Valve disease

This book is primarily about heart health and coronary artery disease. Sometimes heart valves become diseased, so a brief account of valve problems and their treatment is provided here.

The heart contains four valves which are designed to make sure that the blood flows one way only (see Figure 1.2 on p. 6). Disease of the valves will distort the normal function of the heart. The two valves that are the most important are the mitral and aortic valves and these are the most commonly affected (see Chapter 1 for information on anatomy). Sometimes both can be affected at the same time. Each year 5000 people in the UK have valve surgery.

Two disorders can sometimes affect the aortic and mitral valves:

• they can leak (this is called incompetence);

• they can narrow (this is called stenosis).

The aortic valve normally has three flaps (leaflets) but some people are born with two and this causes early wear and tear. The normal three-leaflet valve may also harden up or become leaky with age. This can occur independently of coronary artery disease.


I have been diagnosed with valve disease. What do you think is likely to have caused it?

There are several causes of valve disease.

• Mitral stenosis (narrowing) can be caused by rheumatic fever. This condition, usually experienced in childhood or teens, can inflame the valves and lining of the heart, leaving permanent damage.

• Mitral incompetence (leaking) may be the result of rheumatic fever, bacterial infection (see below), a weakness of the valve supports causing the leaflets to flop backwards, or a narrowing of the coronary arteries.

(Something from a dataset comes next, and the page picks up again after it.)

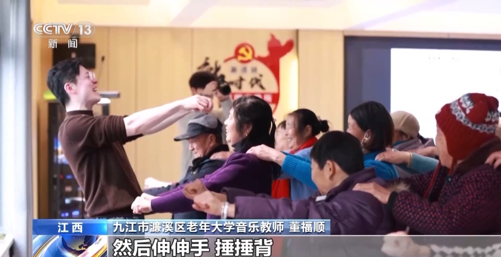 九江市濂溪区老年大学音乐教师 董福顺:我觉得音乐它是有律动的,结合那个律动再加这些动作,然后伸伸手、捶捶背,我觉得这不就是生活中的动作,你把它再带到课堂里边儿,带到音乐里边儿,课堂就不一样。

• Aortic stenosis may be due to rheumatic fever, being born with an abnormal valve (congenital) or age (wear and tear).

• Aortic incompetence may be due to rheumatic fever, high blood pressure, bacterial infection, age, or being born with an abnormal valve.


How will I recognise valvular disease?

If the aortic valve narrows, this can cause angina, breathlessness and blackouts, whereas, if it leaks, it usually causes the heart to enlarge and breathlessness then follows. If you feel tired and breathless on exertion, it is probably a good idea to go to the doctor for an opinion or tests. Valve disease may cause heart failure (see Chapter 5).

A severe mitral valve leak or narrowing will also cause breathlessness.

Both valves can become infected (see the section Infection below).

Does the fact that I have valve disease mean that there is a greater strain on my heart?

Yes. As a result of either narrowing or leaking, or both, the abnormal valves increase the work that the heart has to do. If the valve is narrowed, the pump must generate higher and higher pressures to get the blood through. If the valve leaks, the pump must put out more blood with each beat: it must pump out the 5 litres that the body needs each minute plus the volume that has leaked back.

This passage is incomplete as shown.